> [What is being asked]
For this exercise, repeat exactly the lines below starting at the line holding "Quiet Outer Banks" and ending at the line holding "KALAN | |||", both included, with no extra lines and no pictures.

> [Information provided]
—————
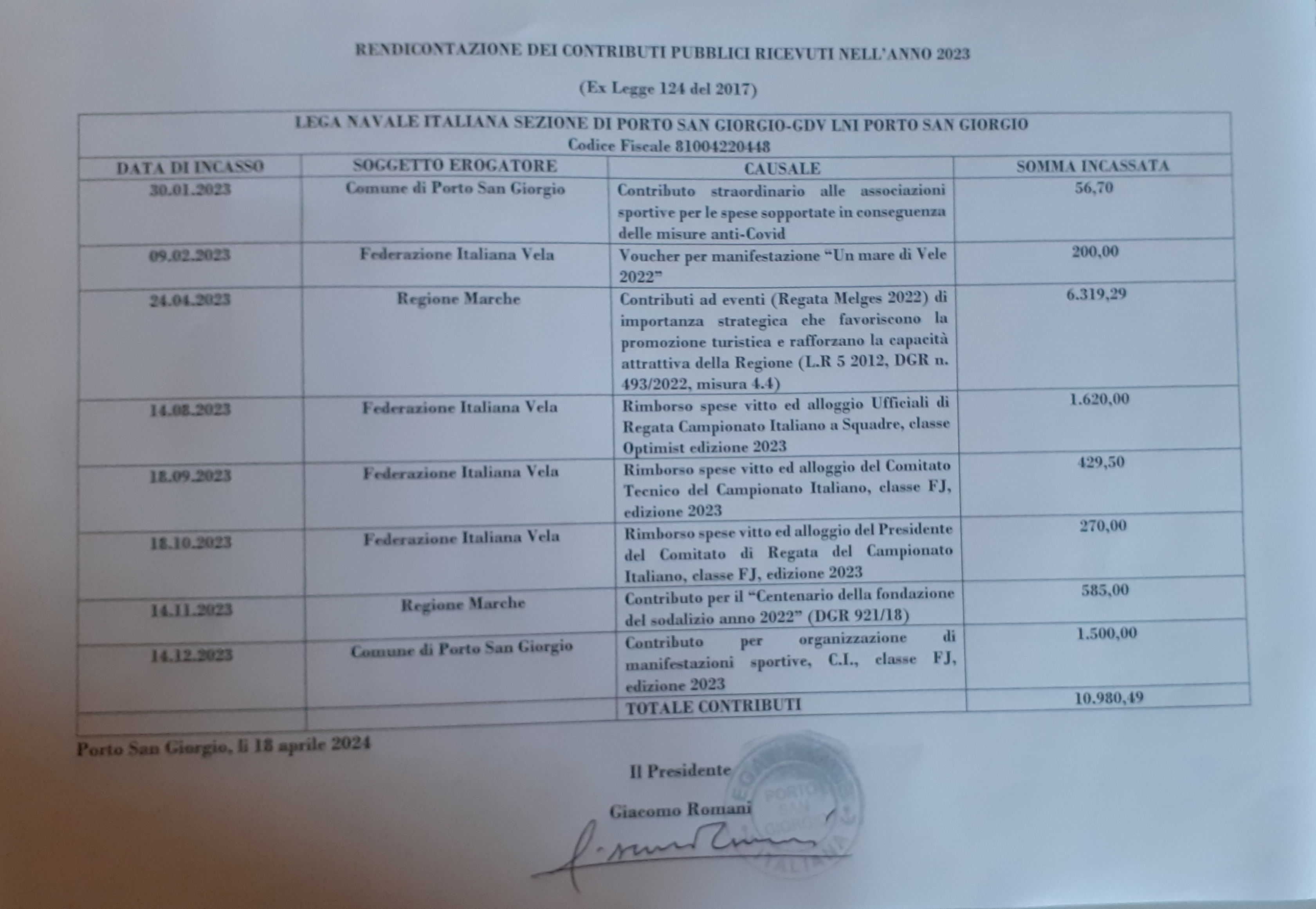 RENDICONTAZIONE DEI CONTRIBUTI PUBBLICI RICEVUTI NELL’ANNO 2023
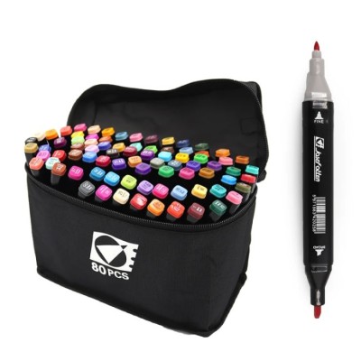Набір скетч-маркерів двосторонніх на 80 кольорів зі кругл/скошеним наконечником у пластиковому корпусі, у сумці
—————
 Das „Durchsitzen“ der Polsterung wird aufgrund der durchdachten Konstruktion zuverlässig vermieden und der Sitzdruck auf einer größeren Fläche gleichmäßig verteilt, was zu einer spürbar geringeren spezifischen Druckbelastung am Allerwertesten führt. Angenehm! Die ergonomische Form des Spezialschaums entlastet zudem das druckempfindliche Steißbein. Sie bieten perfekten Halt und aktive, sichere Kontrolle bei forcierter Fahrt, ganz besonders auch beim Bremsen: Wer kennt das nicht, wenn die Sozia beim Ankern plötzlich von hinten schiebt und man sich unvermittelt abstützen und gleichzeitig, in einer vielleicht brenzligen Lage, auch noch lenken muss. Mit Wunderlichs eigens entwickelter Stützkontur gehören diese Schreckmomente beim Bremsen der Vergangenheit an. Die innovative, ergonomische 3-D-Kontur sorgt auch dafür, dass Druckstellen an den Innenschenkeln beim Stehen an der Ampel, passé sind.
—————
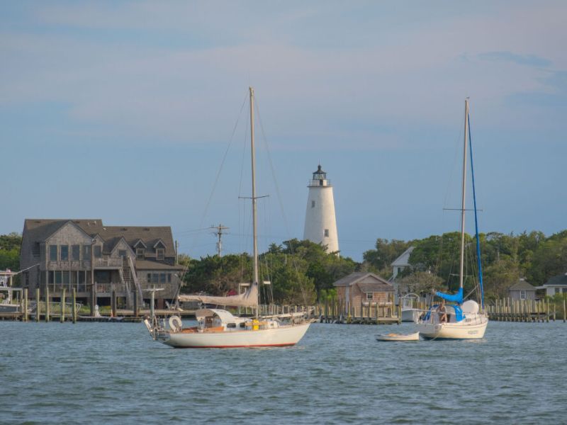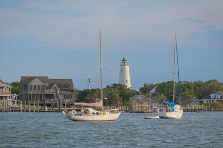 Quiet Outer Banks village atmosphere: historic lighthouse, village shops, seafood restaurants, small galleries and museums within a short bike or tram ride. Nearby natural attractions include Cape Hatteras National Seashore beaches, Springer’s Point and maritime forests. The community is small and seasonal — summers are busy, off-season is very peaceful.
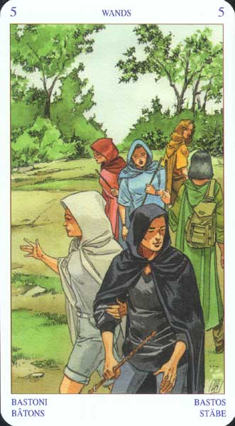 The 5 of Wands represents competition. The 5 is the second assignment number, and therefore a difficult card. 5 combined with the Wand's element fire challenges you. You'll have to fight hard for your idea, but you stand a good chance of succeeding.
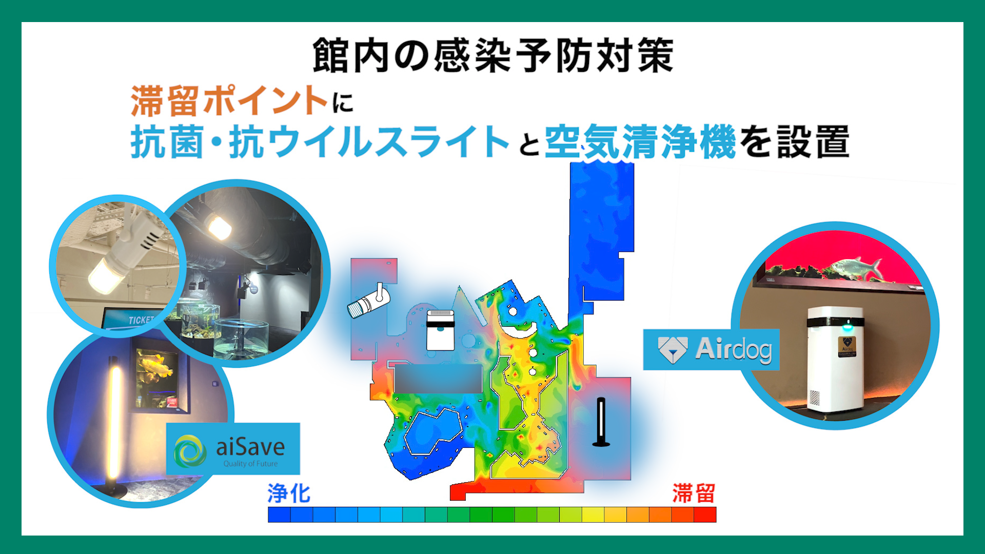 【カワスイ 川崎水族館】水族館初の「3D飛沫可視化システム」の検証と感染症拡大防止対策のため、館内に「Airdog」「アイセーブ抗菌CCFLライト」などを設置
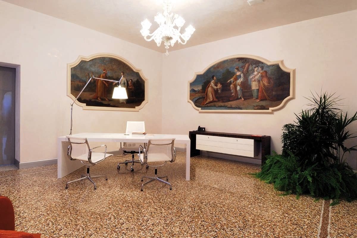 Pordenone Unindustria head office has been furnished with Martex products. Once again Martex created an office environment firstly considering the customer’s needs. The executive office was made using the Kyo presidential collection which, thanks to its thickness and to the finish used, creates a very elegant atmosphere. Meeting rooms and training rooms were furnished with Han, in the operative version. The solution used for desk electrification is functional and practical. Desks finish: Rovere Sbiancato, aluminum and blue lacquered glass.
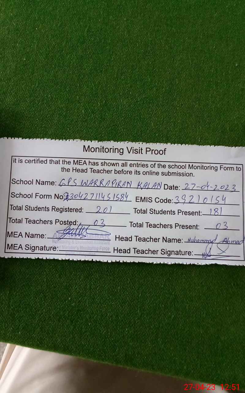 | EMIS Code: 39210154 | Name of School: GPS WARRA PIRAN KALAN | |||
—————
> [Task output]
 Quiet Outer Banks village atmosphere: historic lighthouse, village shops, seafood restaurants, small galleries and museums within a short bike or tram ride. Nearby natural attractions include Cape Hatteras National Seashore beaches, Springer’s Point and maritime forests. The community is small and seasonal — summers are busy, off-season is very peaceful.
 The 5 of Wands represents competition. The 5 is the second assignment number, and therefore a difficult card. 5 combined with the Wand's element fire challenges you. You'll have to fight hard for your idea, but you stand a good chance of succeeding.
 【カワスイ 川崎水族館】水族館初の「3D飛沫可視化システム」の検証と感染症拡大防止対策のため、館内に「Airdog」「アイセーブ抗菌CCFLライト」などを設置
 Pordenone Unindustria head office has been furnished with Martex products. Once again Martex created an office environment firstly considering the customer’s needs. The executive office was made using the Kyo presidential collection which, thanks to its thickness and to the finish used, creates a very elegant atmosphere. Meeting rooms and training rooms were furnished with Han, in the operative version. The solution used for desk electrification is functional and practical. Desks finish: Rovere Sbiancato, aluminum and blue lacquered glass.
 | EMIS Code: 39210154 | Name of School: GPS WARRA PIRAN KALAN | |||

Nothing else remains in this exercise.